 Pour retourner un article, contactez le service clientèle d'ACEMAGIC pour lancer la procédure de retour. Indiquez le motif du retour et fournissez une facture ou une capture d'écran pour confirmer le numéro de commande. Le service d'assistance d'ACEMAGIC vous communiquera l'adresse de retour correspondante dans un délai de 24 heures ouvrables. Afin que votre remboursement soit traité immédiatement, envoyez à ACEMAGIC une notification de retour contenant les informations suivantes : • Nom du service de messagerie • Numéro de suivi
▬▬▬
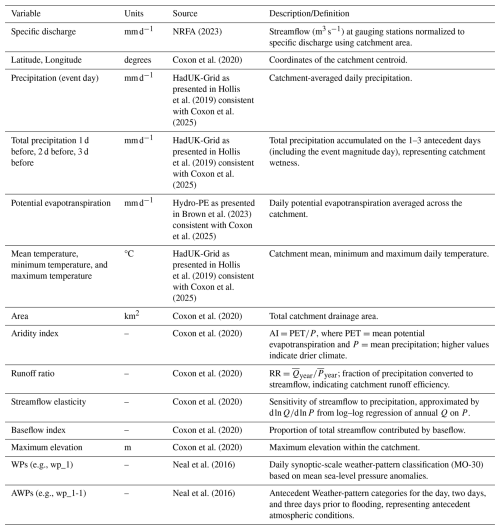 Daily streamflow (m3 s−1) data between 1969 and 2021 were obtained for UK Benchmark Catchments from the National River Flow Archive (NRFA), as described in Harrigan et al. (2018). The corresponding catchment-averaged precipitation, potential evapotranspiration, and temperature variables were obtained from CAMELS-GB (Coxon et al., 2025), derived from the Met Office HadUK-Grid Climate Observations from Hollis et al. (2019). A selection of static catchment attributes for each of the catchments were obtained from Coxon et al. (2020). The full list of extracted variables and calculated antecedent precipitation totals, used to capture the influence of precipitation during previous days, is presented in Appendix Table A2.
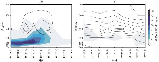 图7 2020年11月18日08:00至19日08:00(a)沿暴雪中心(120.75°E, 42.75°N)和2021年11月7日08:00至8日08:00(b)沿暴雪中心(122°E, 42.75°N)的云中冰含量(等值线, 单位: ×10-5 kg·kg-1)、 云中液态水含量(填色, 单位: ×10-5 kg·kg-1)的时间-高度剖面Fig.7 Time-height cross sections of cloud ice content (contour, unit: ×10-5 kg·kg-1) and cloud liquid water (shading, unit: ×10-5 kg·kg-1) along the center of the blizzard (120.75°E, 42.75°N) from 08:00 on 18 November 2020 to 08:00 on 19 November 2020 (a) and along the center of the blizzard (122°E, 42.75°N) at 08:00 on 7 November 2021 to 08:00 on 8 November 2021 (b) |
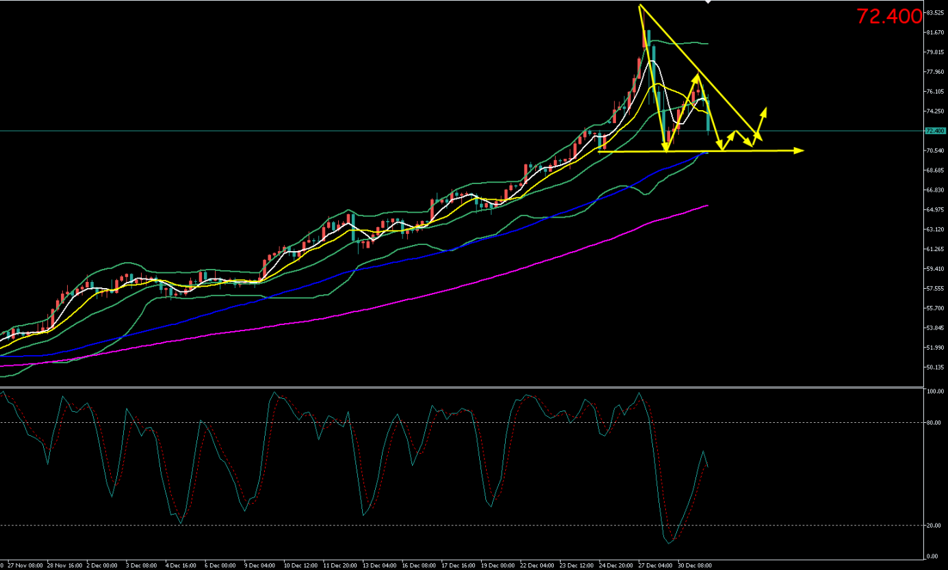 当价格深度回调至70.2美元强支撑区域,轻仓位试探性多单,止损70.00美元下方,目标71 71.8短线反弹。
▬▬▬
_EXERCISE INSTRUCTIONS_
Pictures in the entries do not go into the copy. Print only the lines starting at the one containing "November 2021 (b) |" and ending at the one containing "当价格深度回调至70.2美元", exactly as they appear.

_ANSWER BOX_
 图7 2020年11月18日08:00至19日08:00(a)沿暴雪中心(120.75°E, 42.75°N)和2021年11月7日08:00至8日08:00(b)沿暴雪中心(122°E, 42.75°N)的云中冰含量(等值线, 单位: ×10-5 kg·kg-1)、 云中液态水含量(填色, 单位: ×10-5 kg·kg-1)的时间-高度剖面Fig.7 Time-height cross sections of cloud ice content (contour, unit: ×10-5 kg·kg-1) and cloud liquid water (shading, unit: ×10-5 kg·kg-1) along the center of the blizzard (120.75°E, 42.75°N) from 08:00 on 18 November 2020 to 08:00 on 19 November 2020 (a) and along the center of the blizzard (122°E, 42.75°N) at 08:00 on 7 November 2021 to 08:00 on 8 November 2021 (b) |
 当价格深度回调至70.2美元强支撑区域,轻仓位试探性多单,止损70.00美元下方,目标71 71.8短线反弹。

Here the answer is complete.